## TASK PROMPT
Print every entry, word for word, and skip the images.

## DATASET CONTENT
-.-.-

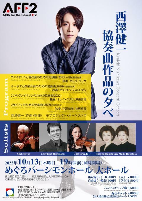 西澤健一 協奏曲作品の夕べ 22/10/13(木) めぐろパーシモンホール 大ホール シェア ツイート コロナ禍とウクライナ侵攻の影響を受け描かれた気鋭の作品を、世界的名匠たちによる独奏で披露 公演情報 ジャンル オーケストラ 未就学児入場不可。学生券は公演当日要学生証。主催者ホームページで最新情報を確認のうえマスク着用でご来場ください。※1階1列~16列をご希望の場合は指定席をお求めください。詳細は卍プロジェクトウェブサイト https://www.manjiproject.com まで。 料金 自由席 一般-5,500円 自由席 学生-2,500円 表示できるチケット情報はありません詳しくはこちら キャスト&スタッフ 指揮 西澤健一 出演 オレグ・クリサ クリストフ・ハルトマン 澤田智恵 花房晴美&真美 お問い合わせ 卍プロジェクト シェア ツイート
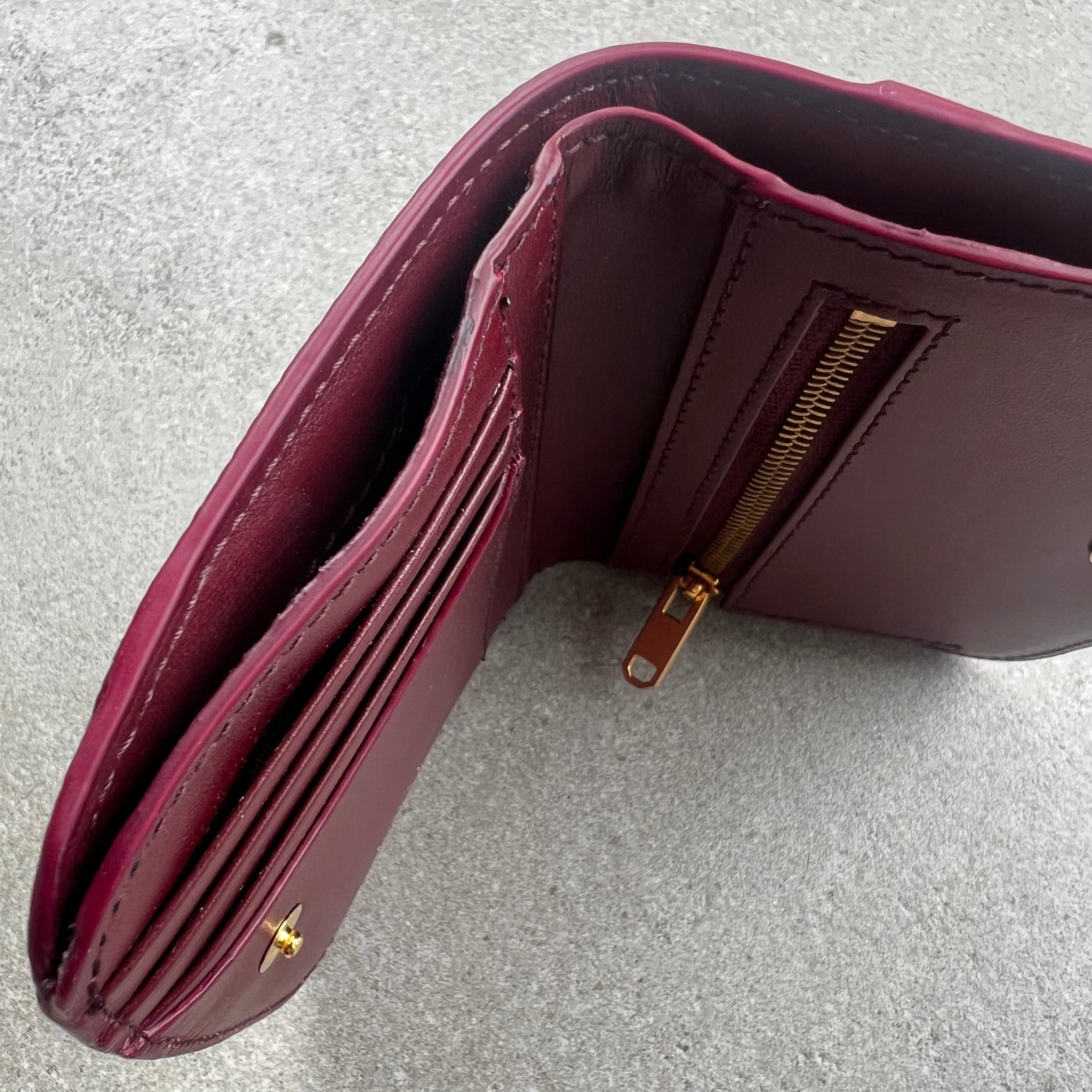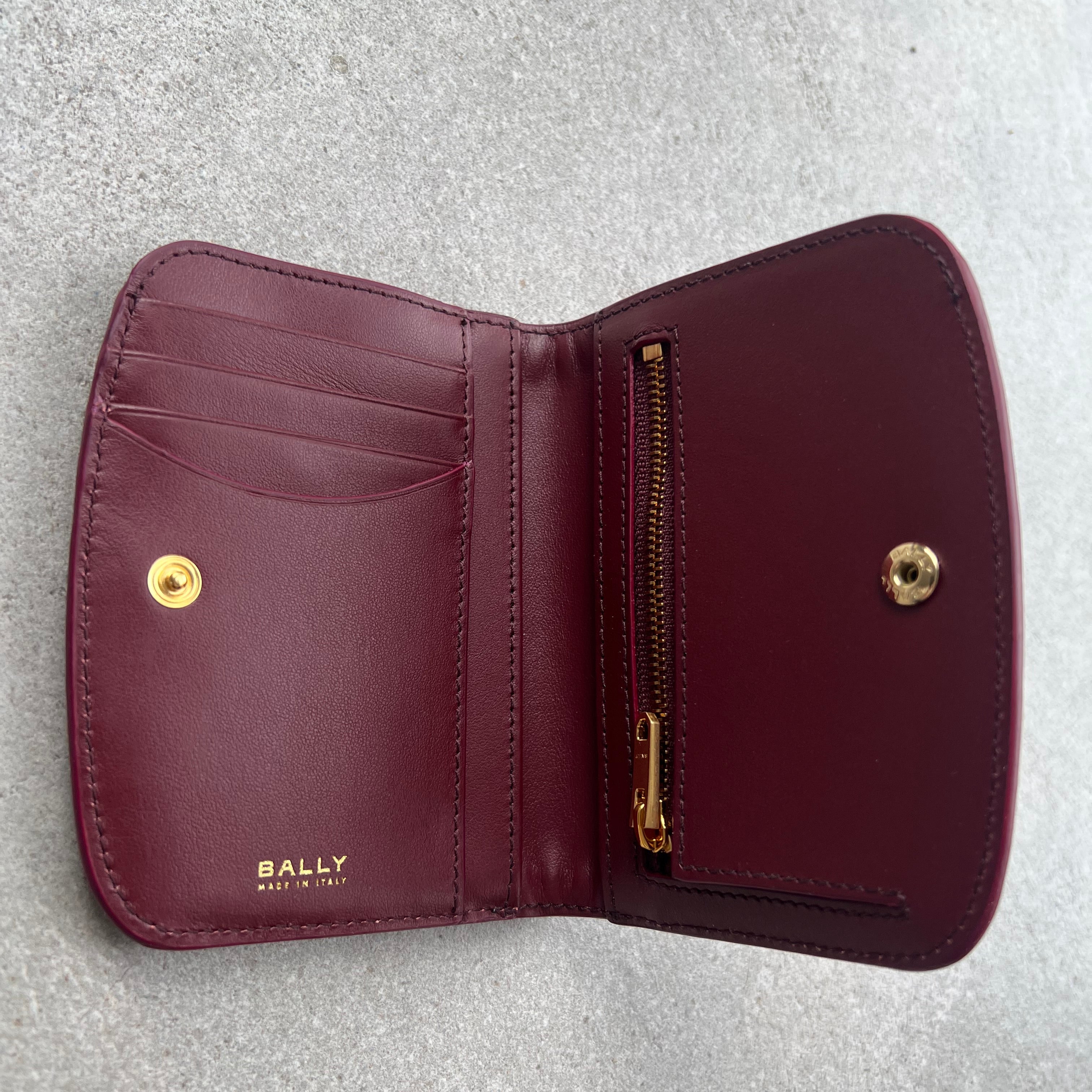 This Deco wallet in black calfskin features a simple metal plaque detailed with three engraved lines to recall the Bally Ribbon. On the inside, multiple compartments keep cash, coins and cards organized.
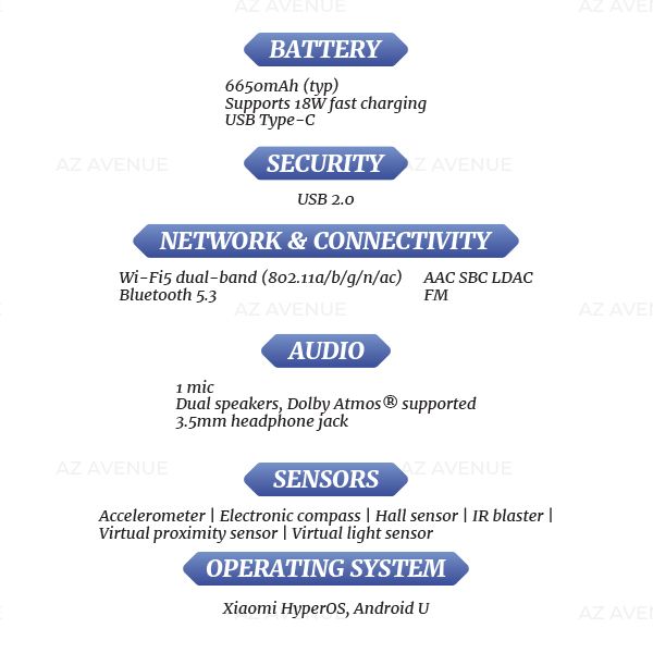- 6650mAh battery 🔋, up to 25.2 hours video 🎥, 163.8 hours music 🎵, 34.2 hours reading 📚, 18W fast charge ⚡.
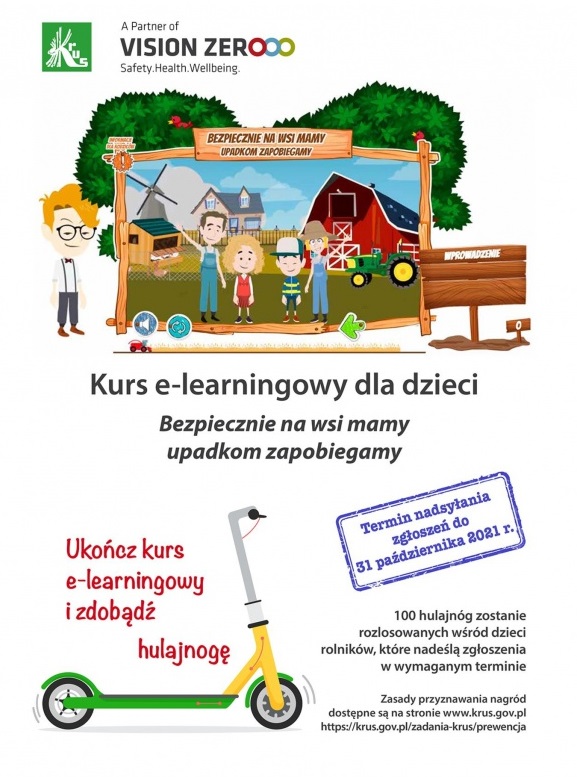 Kasa Rolniczego Ubezpieczenia Społecznego zaprasza dzieci rolników urodzone w latach 2007-2015 do udziału w kursie e-learningowym pt. „Bezpiecznie na wsi mamy – upadkom zapobiegamy”, który w nowoczesnej formie przybliża zagrożenia wypadkowe w gospodarstwach rolnych, a także uczy prawidłowych zachowań podczas przebywania na terenie obejścia. Wśród tych, którzy go ukończą i prześlą swoje zgłoszenia, rozlosujemy 100 hulajnóg.
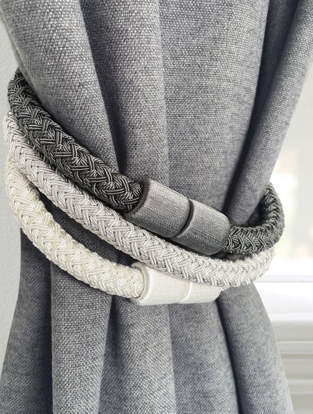 Contemporary, magnetic rope tiebacks with intricate braided detail and a luxurious sateen finish. These stunning Laura Ashley tiebacks use magnets to create a loop that embraces your curtains so these is no need to drill a hole into the wall for a curtain hook. Warning! Not suitable for children under 42 months.
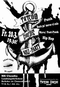 Tattoo Circus Solisause. Keine Anker dafür Drinks, Musik vom Plattenteller und Seeluft zum Solipreis! Punk, Hip Hop, 80s and more… Achtung, jede Stunde Dj* wechsel!
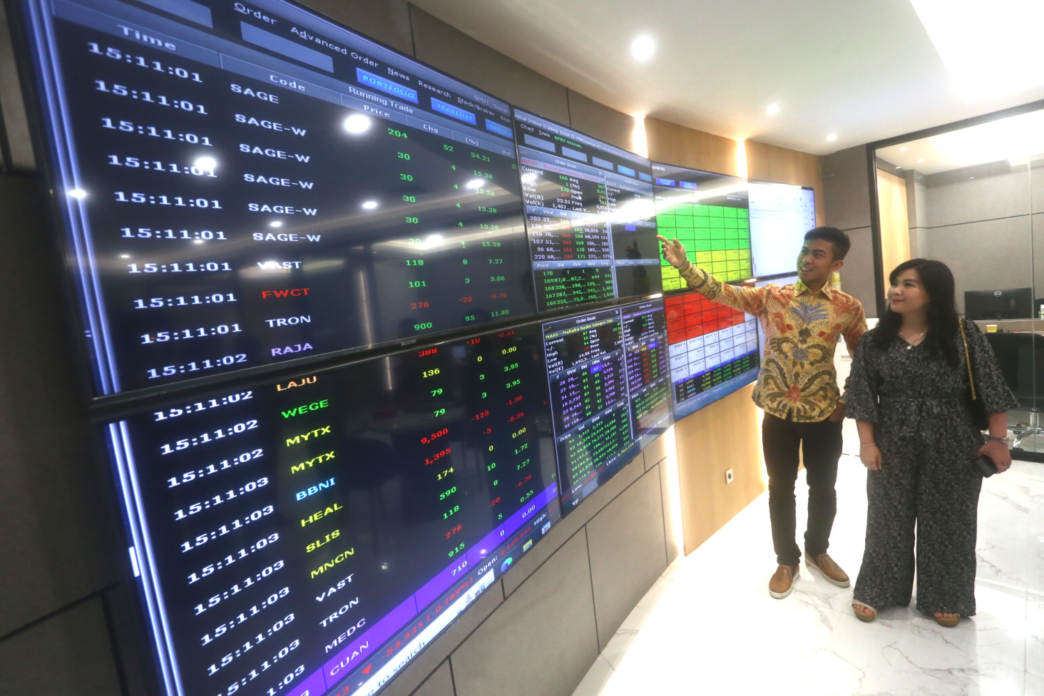 CEO Sucor Sekuritas, Bernardus Wijaya, menunjukkan pergerakan saham saat meresmikan kantor cabang di Voza Premium Office Tower, Surabaya pada Senin (27/03/2023). INPhoto/Ali

-.-.-

## TASK ANSWER
 西澤健一 協奏曲作品の夕べ 22/10/13(木) めぐろパーシモンホール 大ホール シェア ツイート コロナ禍とウクライナ侵攻の影響を受け描かれた気鋭の作品を、世界的名匠たちによる独奏で披露 公演情報 ジャンル オーケストラ 未就学児入場不可。学生券は公演当日要学生証。主催者ホームページで最新情報を確認のうえマスク着用でご来場ください。※1階1列~16列をご希望の場合は指定席をお求めください。詳細は卍プロジェクトウェブサイト https://www.manjiproject.com まで。 料金 自由席 一般-5,500円 自由席 学生-2,500円 表示できるチケット情報はありません詳しくはこちら キャスト&スタッフ 指揮 西澤健一 出演 オレグ・クリサ クリストフ・ハルトマン 澤田智恵 花房晴美&真美 お問い合わせ 卍プロジェクト シェア ツイート
 This Deco wallet in black calfskin features a simple metal plaque detailed with three engraved lines to recall the Bally Ribbon. On the inside, multiple compartments keep cash, coins and cards organized.
- 6650mAh battery 🔋, up to 25.2 hours video 🎥, 163.8 hours music 🎵, 34.2 hours reading 📚, 18W fast charge ⚡.
 Kasa Rolniczego Ubezpieczenia Społecznego zaprasza dzieci rolników urodzone w latach 2007-2015 do udziału w kursie e-learningowym pt. „Bezpiecznie na wsi mamy – upadkom zapobiegamy”, który w nowoczesnej formie przybliża zagrożenia wypadkowe w gospodarstwach rolnych, a także uczy prawidłowych zachowań podczas przebywania na terenie obejścia. Wśród tych, którzy go ukończą i prześlą swoje zgłoszenia, rozlosujemy 100 hulajnóg.
 Contemporary, magnetic rope tiebacks with intricate braided detail and a luxurious sateen finish. These stunning Laura Ashley tiebacks use magnets to create a loop that embraces your curtains so these is no need to drill a hole into the wall for a curtain hook. Warning! Not suitable for children under 42 months.
 Tattoo Circus Solisause. Keine Anker dafür Drinks, Musik vom Plattenteller und Seeluft zum Solipreis! Punk, Hip Hop, 80s and more… Achtung, jede Stunde Dj* wechsel!
 CEO Sucor Sekuritas, Bernardus Wijaya, menunjukkan pergerakan saham saat meresmikan kantor cabang di Voza Premium Office Tower, Surabaya pada Senin (27/03/2023). INPhoto/Ali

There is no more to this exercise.